Deno: Allow wildcards in import maps

Created on 27 Jun 2019  路  9Comments  路  Source: denoland/deno

This is my import map, taking straight from tsconfig/paths

{
    "imports": {
        "@shared/*": [
            "../../shared/*"
        ],
        "@server/*": [
            "./components/*"
        ],
        "@brand/config.json": [
            "../config.json"
        ]
    }
}

I get this error

error: Uncaught ImportMapError: Unmapped bare specifier "@server/core"

Wildcards are important for pulling in shared codebases, keeping paths standardised across multiple projects. And also maintains proper compatibility with tsconfig paths statements.

This allows me to keep my import statements nice and compact, for readability's sake.

Most helpful comment

import-maps looks like it's moving real slow.... hopefully Deno doesn't wait for it to reach a conclusion

All 9 comments

import-maps looks like it's moving real slow.... hopefully Deno doesn't wait for it to reach a conclusion

@jpike88 @kevinkassimo I followed your discussion on Gitter.

It seems https://github.com/WICG/import-maps/issues/7 has stalled and there is no consensus yet. I would very much like to avoid implementing parts that are not yet specced - also there are other parts on spec that we should have before that (ie. merging import maps).

That said I believe you could make it work with little change to your import map:

{
    "imports": {
        "@shared/": [
            "../../shared/"
        ],
        "@server/": [
            "./components/"
        ],
        "@brand/config.json": [
            "../config.json"
        ]
    }
}

Also we might discuss some further use of paths in tsconfig.json, CC @kitsonk

Great... but now I've run into https://github.com/denoland/deno/issues/2506

My opinion is not to use something that isn't on a standard track. The behaviour of paths in the tsconfig.json was designed to mimic other loaders (like AMD, SystemJS) and other bundlers (like webpack). We _can't_ use it in the compiler (as it does no module resolution) and so we ignore it and warn that we ignore it. I say we keep it that way. We wouldn't want to take away import-maps, because it is a shipping standard (Chrome 74) and mediating between that and paths would be horrible.

But that will create a rather annoying barrier for entry for existing codebase migrations, and cause confusion amongst devs who are experienced in TS conventions, myself included.
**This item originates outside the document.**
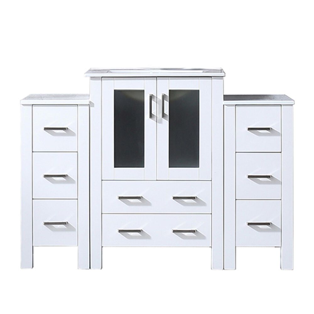 Lexora Home Volez 48" Single Bathroom Vanity in White with White Ceramic Top and Rectangular Sink

It's not just a minor tweak in a config file, it's a fundamental change to how our projects are structured, beyond current TS conventions and rules. I haven't even heard of import-maps till now, and I'll may never have to if I don't use deno, as it would be entirely up to the whims of TS.

Like I said in my other comment, you could wait it out until the TS team decides to make the requisite tweaks to match these standards. But that might delay exposure and adoption of deno for quite some time. If that's intentional, then I guess I have no argument.
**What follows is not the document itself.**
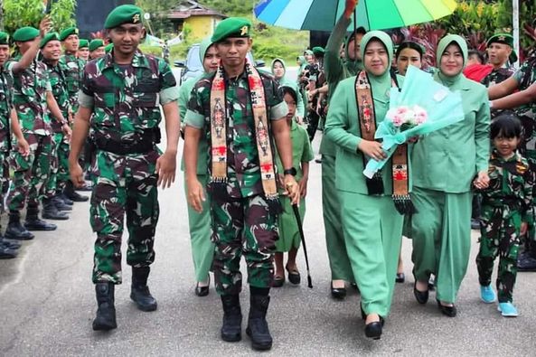 Sanggau, Komandan Batalyon Infanteri 642/Kapuas Mayor inf Dwiyanto kusumo, M. A. P. dan Ketua Persit Kartika Chandra Kirana Cabang Llll Yonif 642 Koorcab Rem 121 PD Xll/Tanjungpura Ny. Rezky Dwiyanto Kusumo melaksanakan kunjungan kerja di Kompi Senapan B Yonif 642/Kps. Jumat (09/6/23)

I haven't even heard of import-maps till now, and I'll may never have to if I don't use deno, as it would be entirely up to the whims of TS.

You will hear of import-maps, it solves a big problem that people have been avoiding. Chrome shipped the first built-in module, and it uses import maps is specifically designed to allow the loading of polyfills where the modules are not built in. Built in modules are a thing, import maps are a thing. Just because you weren't aware of them doesn't mean they weren't a thing.

One could argue we aren't building something for today, we are building something for tomorrow. Deno is very unstable. It will likely still have major breaking API changes, but we know some principles, which are to build on open web standards. We waited to even consider solving the problem of module remapping until import maps shipped in at least one browser. Also, Deno isn't designed to be TypeScript only. It can and should run JavaScript just perfectly fine and tying a feature related to resolving modules to a TypeScript configuration file doesn't make a whole load of sense in my opinion.

One could argue we aren't building something for today, we are building something for tomorrow.

I agree on this part.

Deno is born to experiment with new standards and more web APIs. It is destined to be unstable at this moment, like the early days of Node. But it is different from Node nowadays, what Node might dare not to do because of backward compatibility and community backlash for even simply a small behavioral change, we go and experiment for better. Otherwise why are we even trying to build it?

TypeScript is built with the knowledge of existing technologies. Deno is too new to the TypeScript people, just like Node was too new to v8 people years ago. Node only receives decent attention from v8 after it grows along its own path, and I would imagine the same for Deno if it were to be successful, under the precondition that I (personally) would rather it fail instead of surviving under the unreasonable fear from the Old Ones (tipping hat to Lovecraft).

Deno is too new to the TypeScript people

Well, they know quite a lot about us... But diverting core team engineering effort is a different story. We have snapshotting capability in Deno, something that TypeScript was looking at to increase the performance of tsc and I did a POC with it a while ago, something I should dust off again (now that we split core and TypeScript has done some performance refactorings). The original POC didn't actually make a significant difference to the performance of tsc because tsc doesn't allocate a lot of objects until it starts actually starts building a project, so to get real advantages, tsc would need to be pre warmed.